> _WORK ORDER_
Return each line of the data below exactly, omitting any pictures.

◇ ◇ ◇ ◇

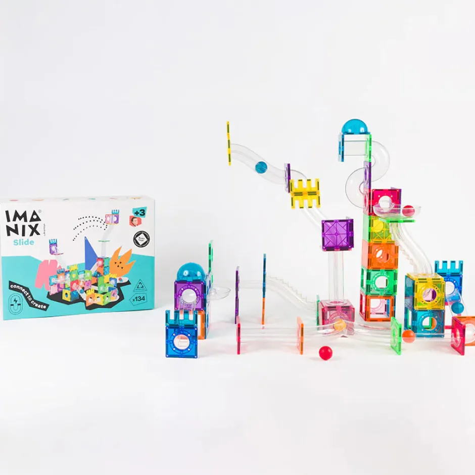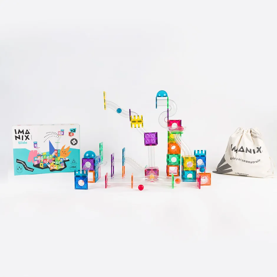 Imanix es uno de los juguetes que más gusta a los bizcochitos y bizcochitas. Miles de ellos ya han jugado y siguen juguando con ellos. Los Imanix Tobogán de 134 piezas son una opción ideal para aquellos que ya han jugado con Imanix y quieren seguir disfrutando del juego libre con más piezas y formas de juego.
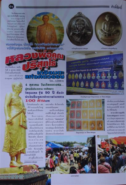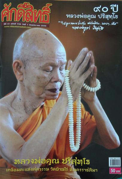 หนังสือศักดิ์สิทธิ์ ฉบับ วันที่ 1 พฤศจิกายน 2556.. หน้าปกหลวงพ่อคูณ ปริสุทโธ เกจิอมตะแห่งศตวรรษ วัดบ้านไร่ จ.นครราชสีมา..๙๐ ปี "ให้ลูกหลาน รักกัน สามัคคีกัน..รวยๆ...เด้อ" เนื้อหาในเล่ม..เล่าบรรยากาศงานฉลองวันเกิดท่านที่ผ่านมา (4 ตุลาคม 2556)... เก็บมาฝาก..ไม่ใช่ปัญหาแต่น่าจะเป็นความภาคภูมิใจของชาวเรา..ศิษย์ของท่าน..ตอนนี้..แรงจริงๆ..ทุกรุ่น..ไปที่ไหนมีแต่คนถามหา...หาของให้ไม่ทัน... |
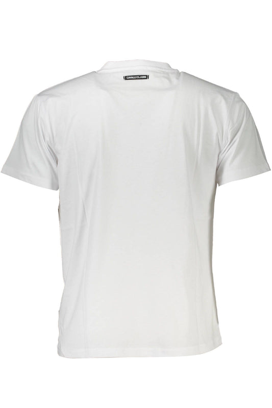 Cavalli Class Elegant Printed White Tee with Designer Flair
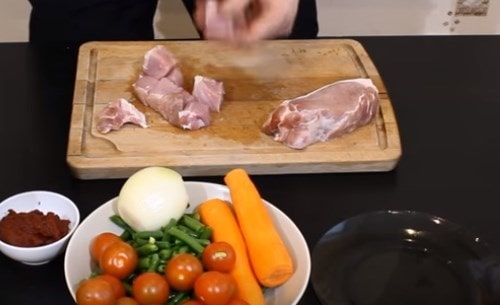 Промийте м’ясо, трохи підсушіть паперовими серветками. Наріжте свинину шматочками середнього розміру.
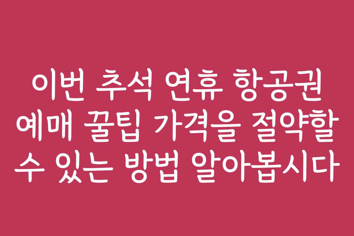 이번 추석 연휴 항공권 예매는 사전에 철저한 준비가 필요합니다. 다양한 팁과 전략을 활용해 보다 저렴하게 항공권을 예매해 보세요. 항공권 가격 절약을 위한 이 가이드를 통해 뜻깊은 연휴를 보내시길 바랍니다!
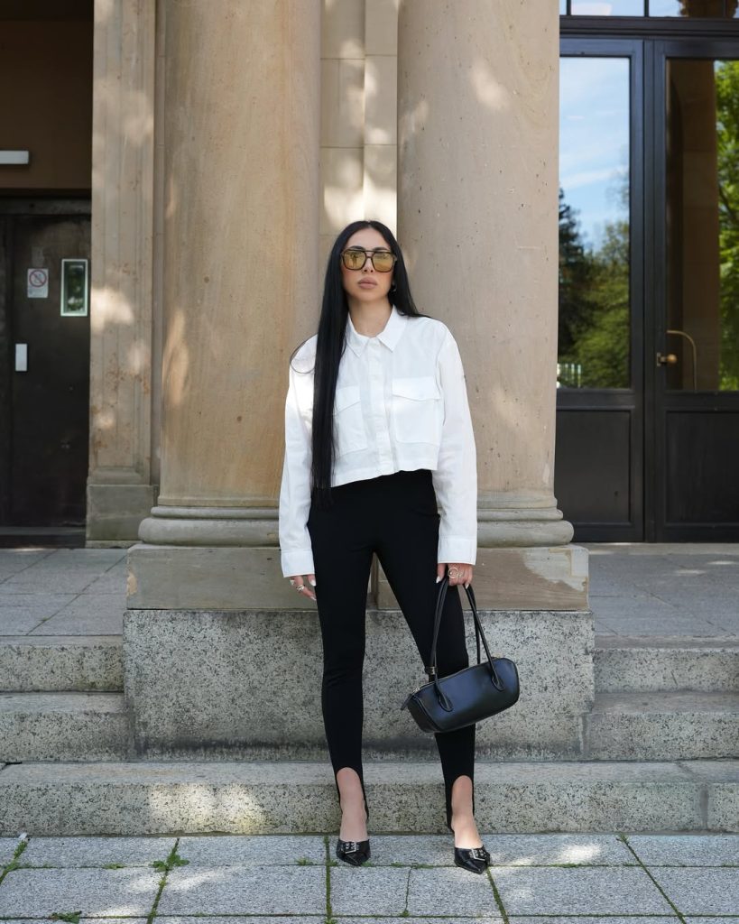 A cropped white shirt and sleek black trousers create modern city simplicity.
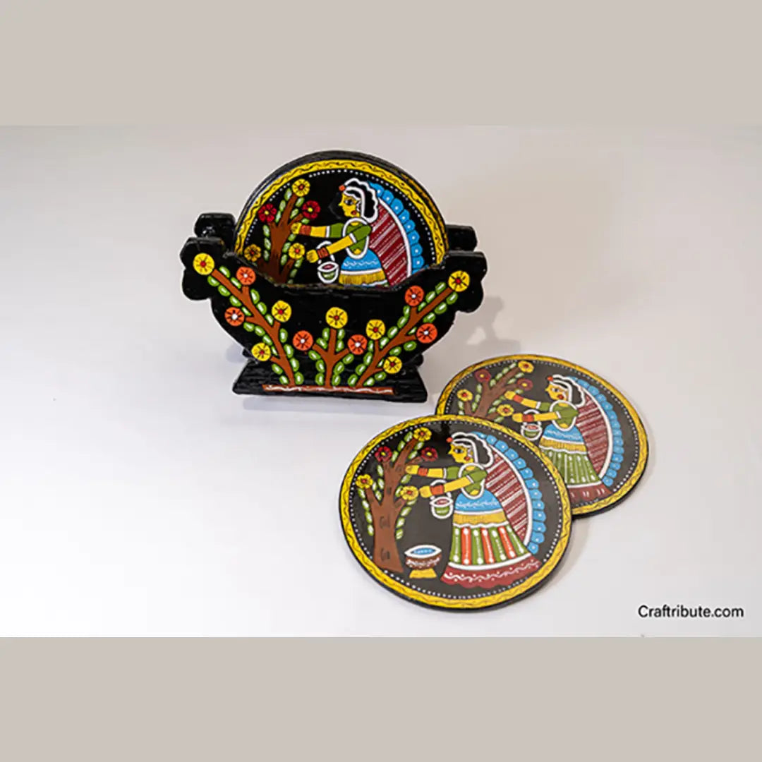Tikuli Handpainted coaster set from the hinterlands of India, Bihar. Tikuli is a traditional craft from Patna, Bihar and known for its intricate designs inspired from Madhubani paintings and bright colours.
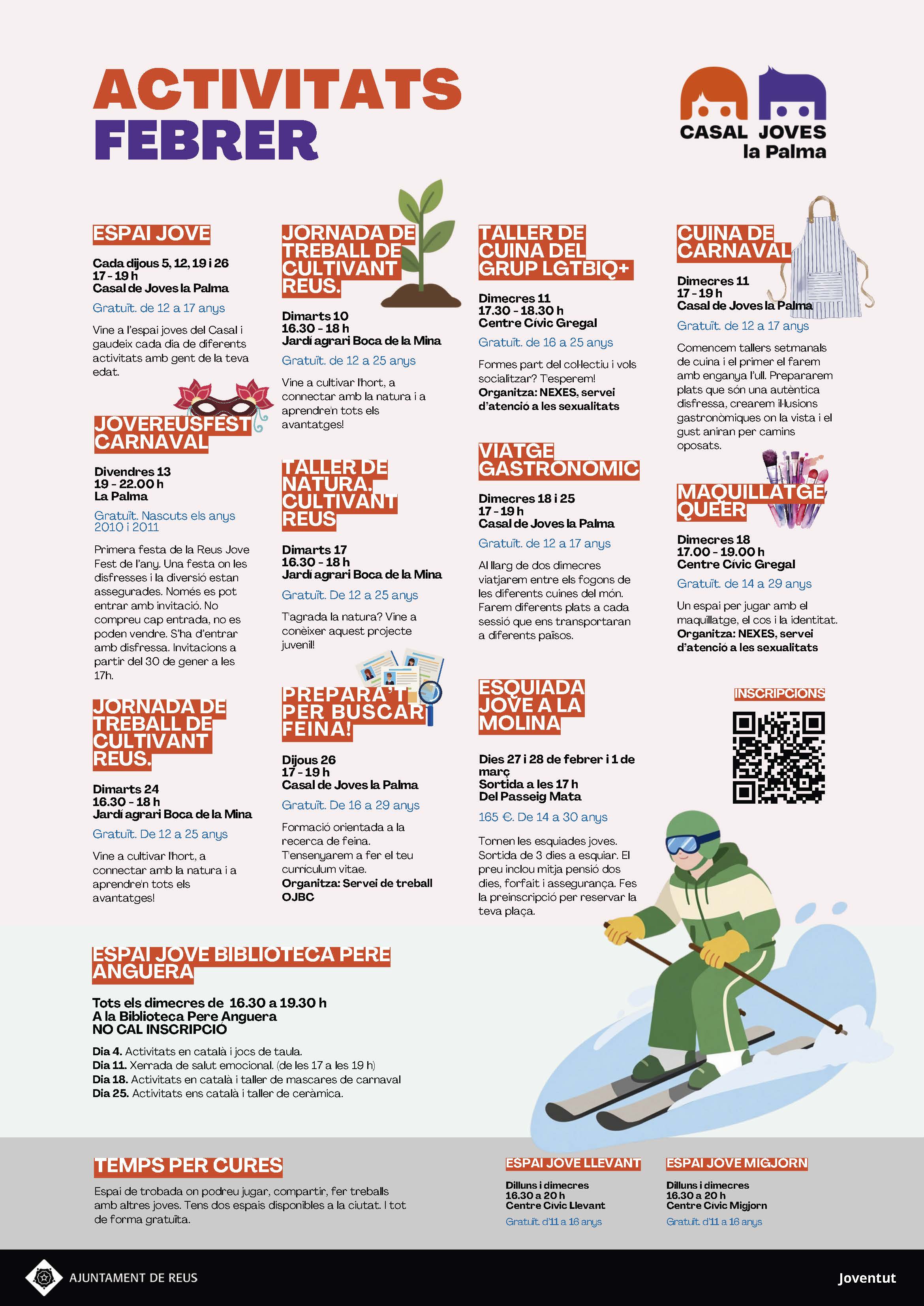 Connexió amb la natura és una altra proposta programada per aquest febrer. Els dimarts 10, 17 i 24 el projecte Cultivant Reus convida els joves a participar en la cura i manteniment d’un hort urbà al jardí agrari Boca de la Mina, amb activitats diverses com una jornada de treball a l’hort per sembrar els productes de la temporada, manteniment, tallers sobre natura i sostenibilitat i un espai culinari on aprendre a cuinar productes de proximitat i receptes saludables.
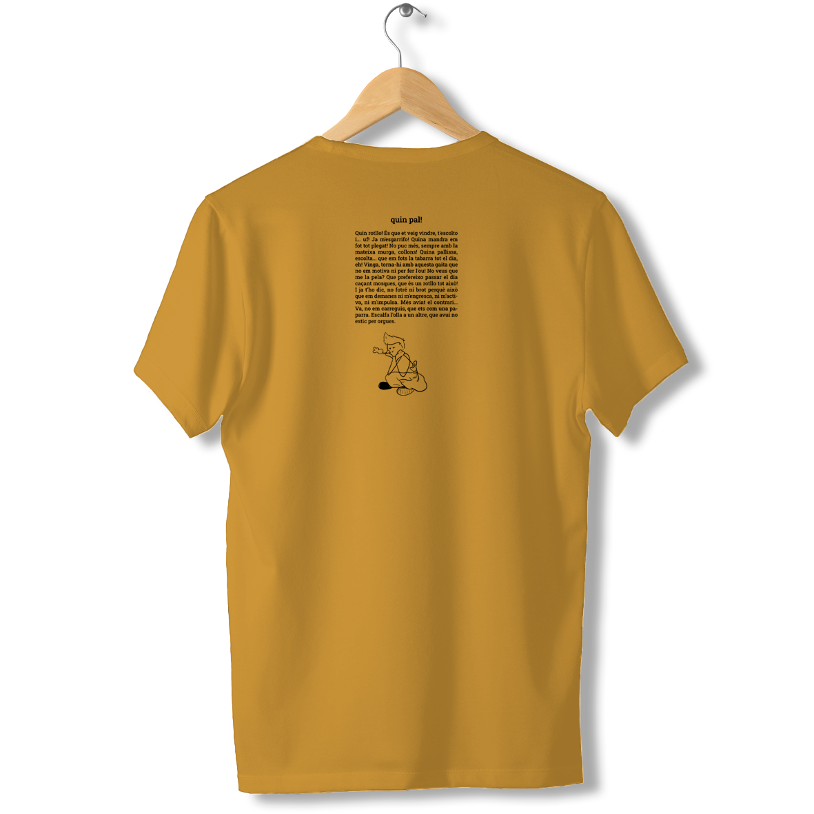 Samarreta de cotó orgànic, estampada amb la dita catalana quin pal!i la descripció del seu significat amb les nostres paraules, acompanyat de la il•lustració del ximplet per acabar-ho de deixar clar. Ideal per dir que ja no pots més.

◇ ◇ ◇ ◇

> _OUTPUT FOR THIS EXERCISE_
 Imanix es uno de los juguetes que más gusta a los bizcochitos y bizcochitas. Miles de ellos ya han jugado y siguen juguando con ellos. Los Imanix Tobogán de 134 piezas son una opción ideal para aquellos que ya han jugado con Imanix y quieren seguir disfrutando del juego libre con más piezas y formas de juego.
 หนังสือศักดิ์สิทธิ์ ฉบับ วันที่ 1 พฤศจิกายน 2556.. หน้าปกหลวงพ่อคูณ ปริสุทโธ เกจิอมตะแห่งศตวรรษ วัดบ้านไร่ จ.นครราชสีมา..๙๐ ปี "ให้ลูกหลาน รักกัน สามัคคีกัน..รวยๆ...เด้อ" เนื้อหาในเล่ม..เล่าบรรยากาศงานฉลองวันเกิดท่านที่ผ่านมา (4 ตุลาคม 2556)... เก็บมาฝาก..ไม่ใช่ปัญหาแต่น่าจะเป็นความภาคภูมิใจของชาวเรา..ศิษย์ของท่าน..ตอนนี้..แรงจริงๆ..ทุกรุ่น..ไปที่ไหนมีแต่คนถามหา...หาของให้ไม่ทัน... |
 Cavalli Class Elegant Printed White Tee with Designer Flair
 Промийте м’ясо, трохи підсушіть паперовими серветками. Наріжте свинину шматочками середнього розміру.
 이번 추석 연휴 항공권 예매는 사전에 철저한 준비가 필요합니다. 다양한 팁과 전략을 활용해 보다 저렴하게 항공권을 예매해 보세요. 항공권 가격 절약을 위한 이 가이드를 통해 뜻깊은 연휴를 보내시길 바랍니다!
 A cropped white shirt and sleek black trousers create modern city simplicity.
Tikuli Handpainted coaster set from the hinterlands of India, Bihar. Tikuli is a traditional craft from Patna, Bihar and known for its intricate designs inspired from Madhubani paintings and bright colours.
 Connexió amb la natura és una altra proposta programada per aquest febrer. Els dimarts 10, 17 i 24 el projecte Cultivant Reus convida els joves a participar en la cura i manteniment d’un hort urbà al jardí agrari Boca de la Mina, amb activitats diverses com una jornada de treball a l’hort per sembrar els productes de la temporada, manteniment, tallers sobre natura i sostenibilitat i un espai culinari on aprendre a cuinar productes de proximitat i receptes saludables.
 Samarreta de cotó orgànic, estampada amb la dita catalana quin pal!i la descripció del seu significat amb les nostres paraules, acompanyat de la il•lustració del ximplet per acabar-ho de deixar clar. Ideal per dir que ja no pots més.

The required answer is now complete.